[Collection entries]
◆ ◆ ◆

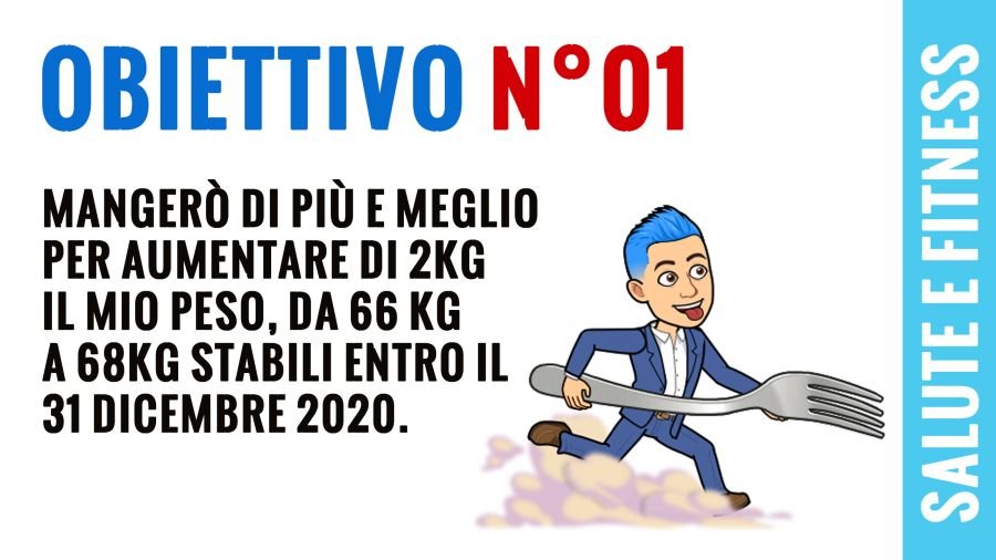 1) Mangerò di più e di migliore qualità per aumentare di 2kg il mio peso, passando da 66 kg a 68kg stabili entro il 31 Dicembre 2020. (Nel 2017 sono passato da 58 a 60, nel 2018 da 60 a 62 e nel 2019 da 62 a 66kg.
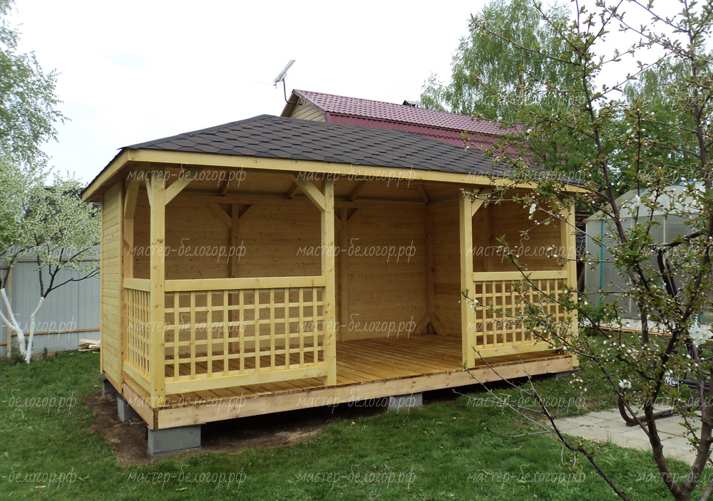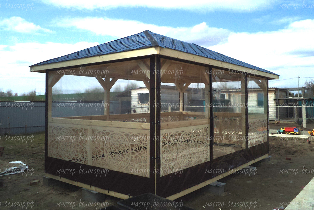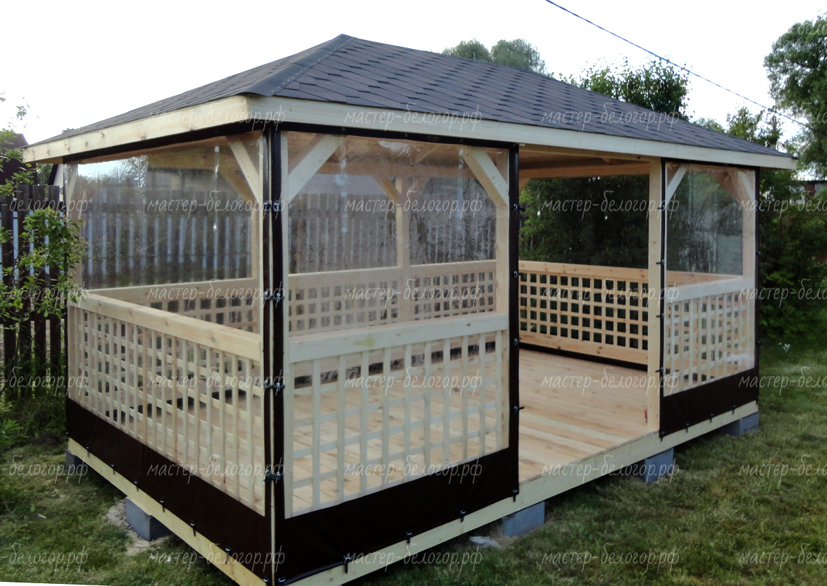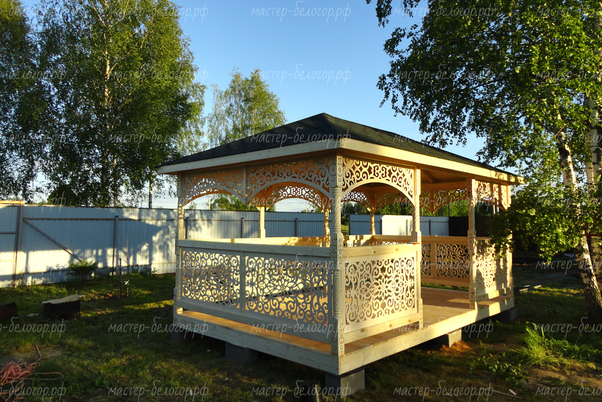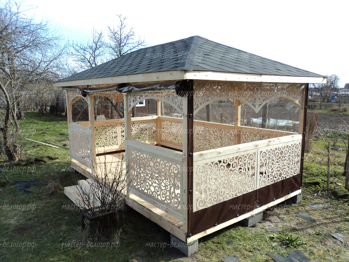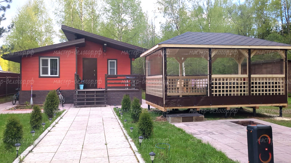Крыша-ондулин,металлопрофиль или мягкая кровля(в зависимости от модели беседки).Цвет на выбор:красный,коричневый,зеленый
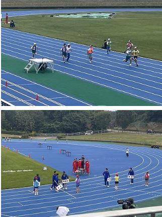 ③学校対抗リレーでは、3校合同チームの代表として6年生の5人が出場
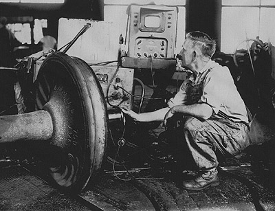 A wheelset's axle is electrically tested for defects at the car shop at Wyoming Yard in April, 1954.Photo by John R. Milhaupt
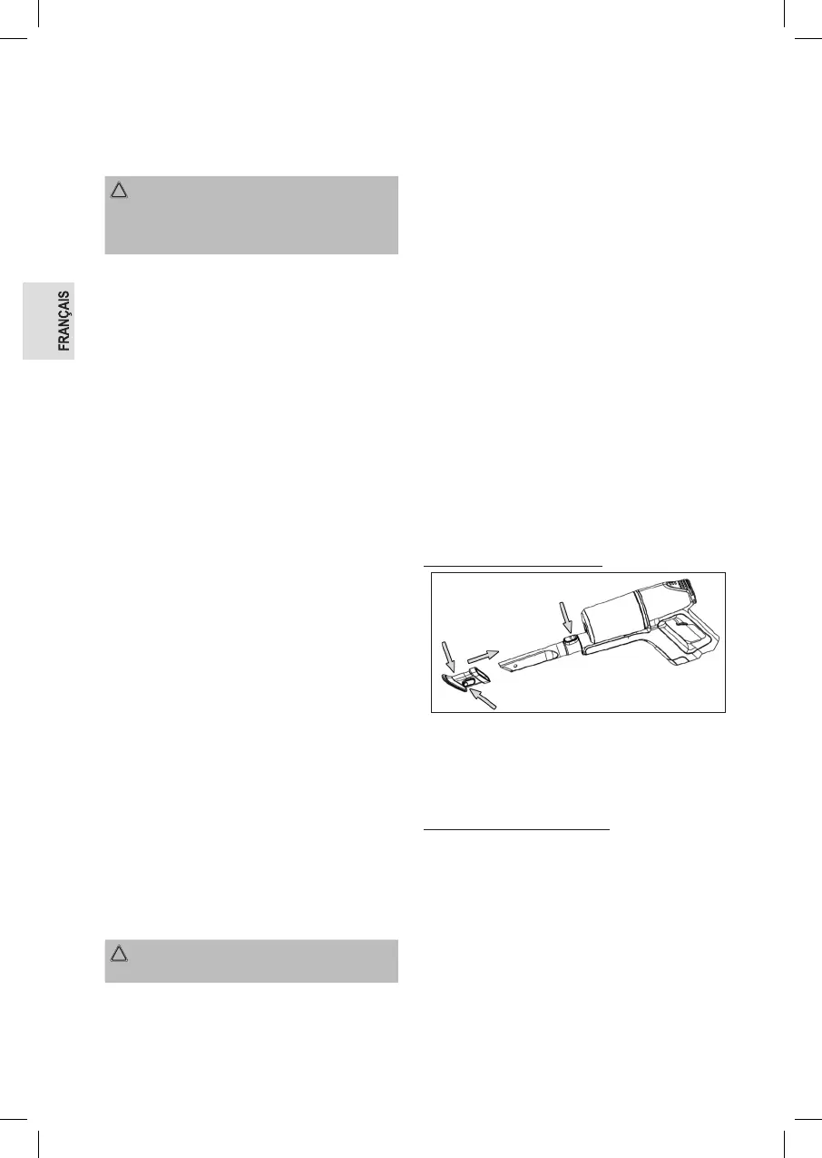 • Cet aspirateur à batterie rechargeable ne peut pas rem-
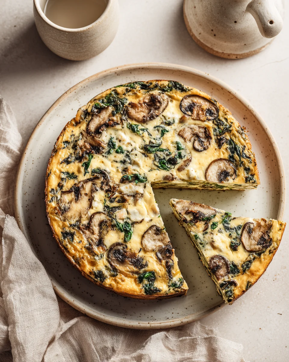 Delicious Spinach and Mushroom Cottage Cheese Crustless Quiche
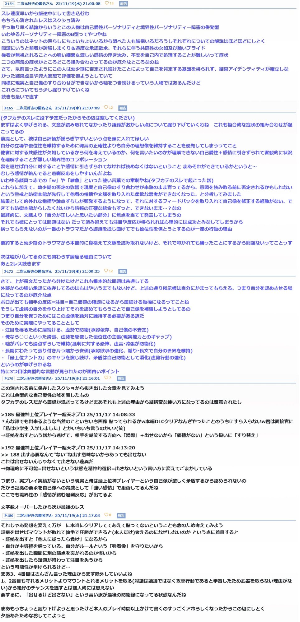 ELDEN RING NIGHTREIGNスレ DAY225|あにまん掲示板前スレ主さんの指示なので建てました荒らしには触れず、基本報告でお願いします。次スレは>>190が立てて下さい。前スレhttps://bbs.animanch.com/board/58948…bbs.animanch.comB群パーソナリティ症(旧:人格障害)について解説します | 早稲田メンタルクリニック今日は「B群のパーソナリティ症」を紹介します。 パーソナリティ症は昔で言う「人格障害」という疾患です。「人格障wasedamental.com - 2二次元好きの匿名さん25/11/22(土) 19:18:09
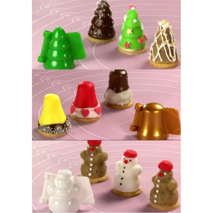 - 3 moldes de formatos natalícios (pinheiro, sino e boneco de neve) para cake pops;
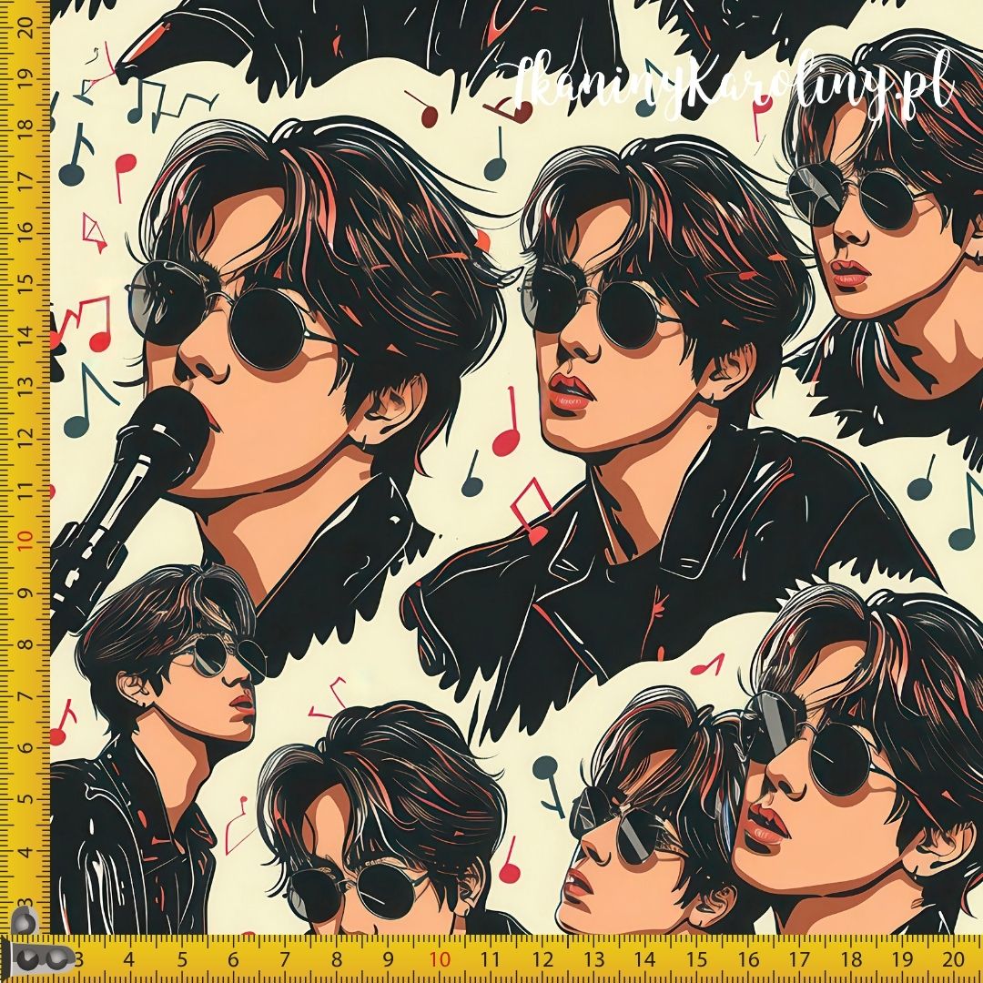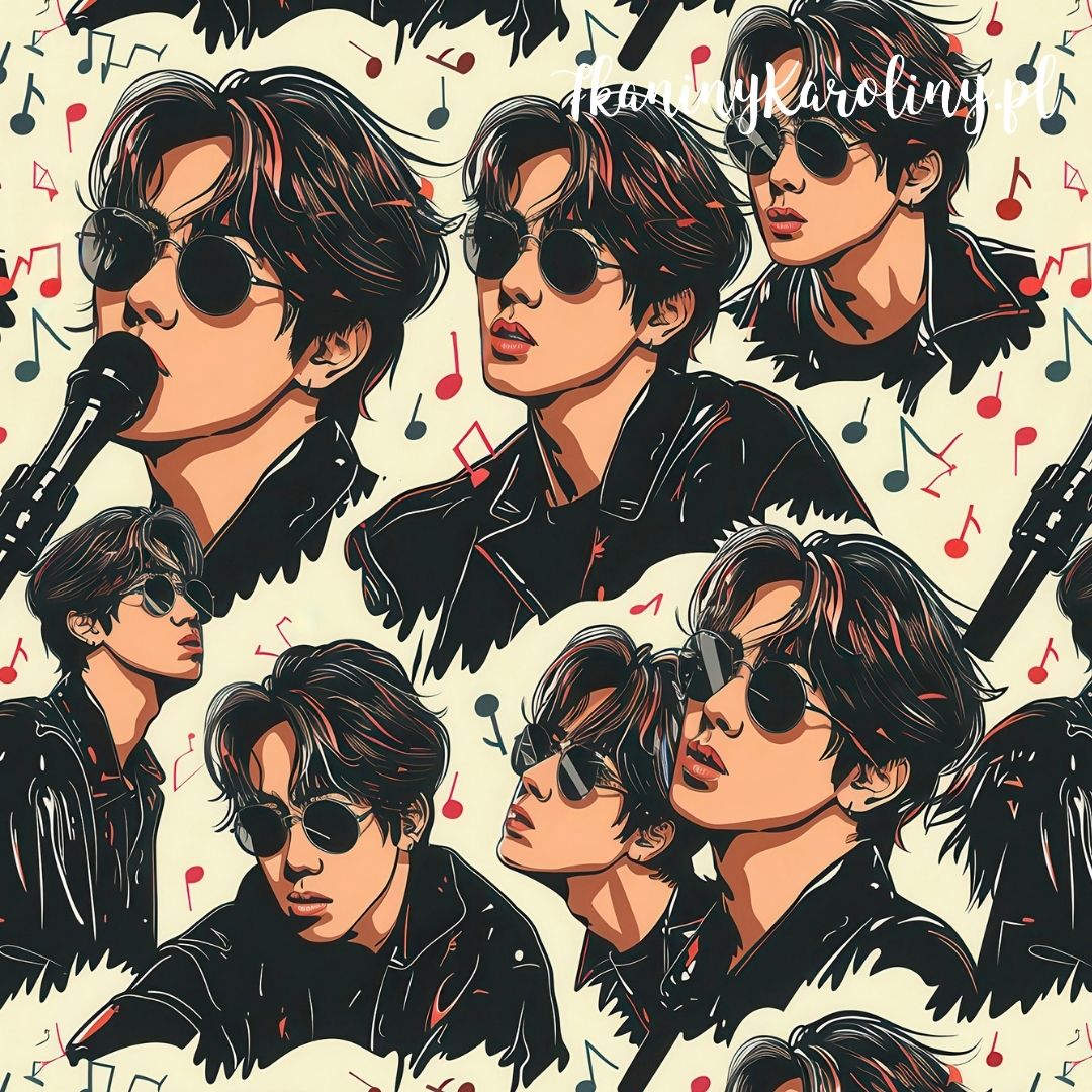 Sylwetki chłopców K-POP w okularach przeciwsłonecznych i czarnych kurtkach. Wzór urozmaicony mikrofonami i nutami a całość widnieje na jasnym tle.
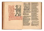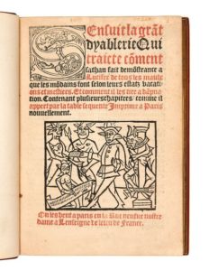 [Eloy DAMERVAL]. Sensuit la grãt dyablerie Qui traicte cõment sathan fait demõstrance a Lucifer de tous les maulx que les mõdains font selon leurs estatz vacations et mestiers. Et comment il les tire a dpnation… Petit in-4, maroquin janséniste rouge, dos à 5 nerfs, roulette et filets intérieurs, tranches dorées sur marbrure ( Chambolle-Duru). Bechtel, 204/D-26 // Brunet, II-478 // Fairfax Murray, 600 // Tchemerzine-Scheler, II-720 // USTC, 83461. (150f.) / A6, b-e4-8, f4, g-o4-8, p4, q-z4-8, ク4, A4, B8 / 40 lignes sur 2 colonnes, car. goth. / 130 x 190 mm. Très rare seconde ou troisième édition de ce poème théologique faisant le tour des vices humains, une édition contemporaine de celle-ci ayant également été publiée chez Le Noir. On sait peu de choses d’Eloy Damerval, dont on apprend qu’il est l’auteur de ce texte par la table de la première édition. Chantre à la Cour de Savoie, puis attaché à Charles d’Orléans au château de Blois, il était, en 1483, maître des enfants de chœur de Sainte-Croix à Orléans. La Grande diablerie est son œuvre la plus célèbre. Composé d’un prologue en 8 chapitres et de deux livres en 260 chapitres que suit la conclusion finale de l’acteur, ce dialogue comique entre Satan et Lucifer compte plus de 22.000 vers. Satan, plein d’expérience, y expose à un jeune Lucifer naïf les travers et les faiblesses des hommes et des femmes et les moyens de les tenter: Jay mille millions de trappes Et de trebuchetz Lucifer Pour les faire cheoir en enfer Le monde la chair et les dyables Nuyt et jour ce ne sont pas fables. L’intention de Damerval est de défier les hommes de tomber en ces pièges, mais il ne se défend pas, se réclamant d’Esope, d’une certaine prétention littéraire, Come Esopes en ung beau mettre / Se dit bien qui est panthamettre: Et ne se faut esmerveiller Si jay voulu pour resveiller Les entendemens des lisans Oser souvent des motz plaisans Et de termes assez joyeulx Affin destre mains ennuyeulx Car les rimes entrelardees Des motz joyeulx sont regardees Comunement plus voulentiers… On notera d’ailleurs, dans le chapitre 68, une mention de François Villon qui est probablement l’une des plus anciennes références littéraires au poète: Maistre Francoys Villon jadis / Clerc expert en faictz et en ditz / Comme fort nouveau quil estoit / Et a farcer se delectoit / Fist a Paris son testament. Cette œuvre a paru pour la première fois chez Michel Le Noir vers 1508. C’est de la table de cette première édition que l’on tire le nom de l’auteur: De maistre Eloy d’Amerval (…) / Cy s’ensuyt (…) la Dyablerie… Ces vers ne sont pas repris dans notre édition qui mentionne uniquement le prénom de l’auteur au début du prologue et à la toute fin du volume: Prier aussi le createur / Pour moy Eloy le pauvre acteur. Titre en rouge et noir orné d’une grande lettrine et d’un grand bois représentant cinq diables dont l’un prend de longues notes, un grand bois au colophon (f.A6v) imprimé en rouge et noir représentant 6 diables, et un bois plus petit en noir montrant Dieu apparaissant à l’auteur (f. b1r). Les feuillets A2v et A5r sont imprimés en rouge et noir, 47 petites lettrines à fond criblé. L’édition est extrêmement rare. On en recense quatre ou cinq exemplaires: un à la Bibliothèque Mazarine, un à la Kongelige Bibliotek de Copenhague, l’exemplaire Soleinne, l’exemplaire Yemeniz (n° 1702)/Firmin-Didot (n° 174) et celui-ci. Les exemplaires Soleinne et Yemeniz/Firmin-Didot, tous deux reliés en veau ancien, sont peut-être les mêmes. Bel exemplaire malgré un petit manque en haut d’un mors et léger choc à une coupe du premier plat. Cahiers v et x inversés, une annotation ancienne à l’encre (f. B7v), restauration angulaire à 4 feuillets (A1, c1, y4 et ク1) et restauration avec atteinte à quelques lettres (f. l2). Provenance: Fairfax Murray (étiquette, n° 600).
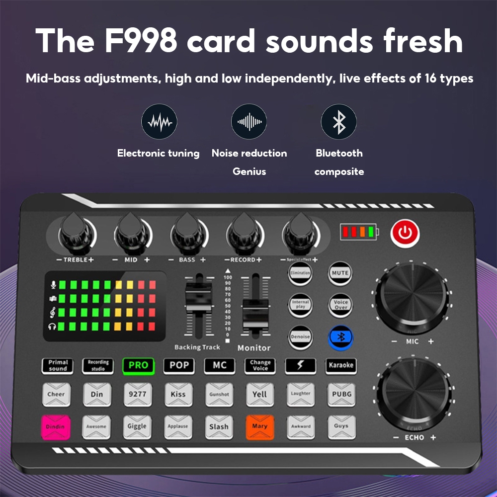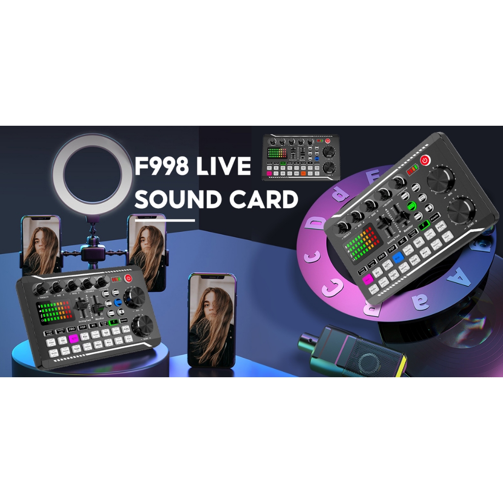 Sound Card V8S / F998 Audio Mixer USB External Sound Card Headset Microphone Live Soundcard Singing
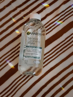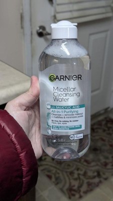 - All-In-1 Micellar Cleansing Water: Garnier Micellar Cleansing Water with Salicylic Acid is a face makeup remover, eye makeup remover, and facial cleanser formulated for oily and acne-prone skin to remove makeup, mattify skin all day and minimize pores in just one step
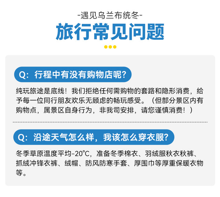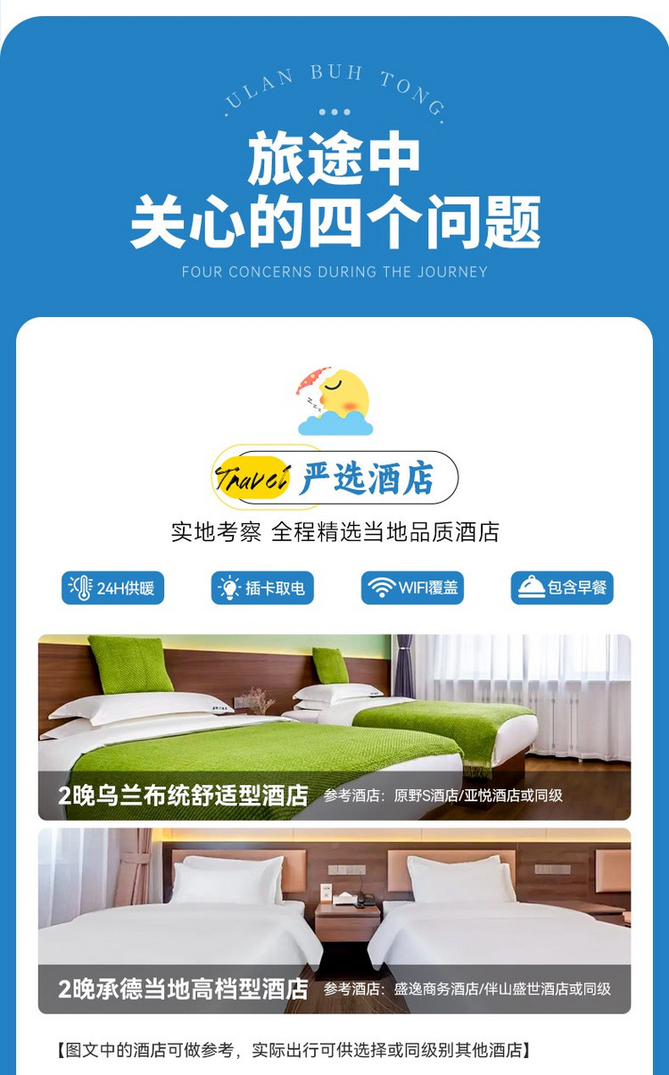3、门票:乌兰布统和塞罕坝冬季不收费,如需收费请自理

◆ ◆ ◆

Aim of the exercise>
Output must match the lines from the start of the records above through the line that contains "Sylwetki chłopców K-POP", exactly and with every picture removed.

Task result>
 1) Mangerò di più e di migliore qualità per aumentare di 2kg il mio peso, passando da 66 kg a 68kg stabili entro il 31 Dicembre 2020. (Nel 2017 sono passato da 58 a 60, nel 2018 da 60 a 62 e nel 2019 da 62 a 66kg.
Крыша-ондулин,металлопрофиль или мягкая кровля(в зависимости от модели беседки).Цвет на выбор:красный,коричневый,зеленый
 ③学校対抗リレーでは、3校合同チームの代表として6年生の5人が出場
 A wheelset's axle is electrically tested for defects at the car shop at Wyoming Yard in April, 1954.Photo by John R. Milhaupt
 • Cet aspirateur à batterie rechargeable ne peut pas rem-
 Delicious Spinach and Mushroom Cottage Cheese Crustless Quiche
 ELDEN RING NIGHTREIGNスレ DAY225|あにまん掲示板前スレ主さんの指示なので建てました荒らしには触れず、基本報告でお願いします。次スレは>>190が立てて下さい。前スレhttps://bbs.animanch.com/board/58948…bbs.animanch.comB群パーソナリティ症(旧:人格障害)について解説します | 早稲田メンタルクリニック今日は「B群のパーソナリティ症」を紹介します。 パーソナリティ症は昔で言う「人格障害」という疾患です。「人格障wasedamental.com - 2二次元好きの匿名さん25/11/22(土) 19:18:09
 - 3 moldes de formatos natalícios (pinheiro, sino e boneco de neve) para cake pops;
 Sylwetki chłopców K-POP w okularach przeciwsłonecznych i czarnych kurtkach. Wzór urozmaicony mikrofonami i nutami a całość widnieje na jasnym tle.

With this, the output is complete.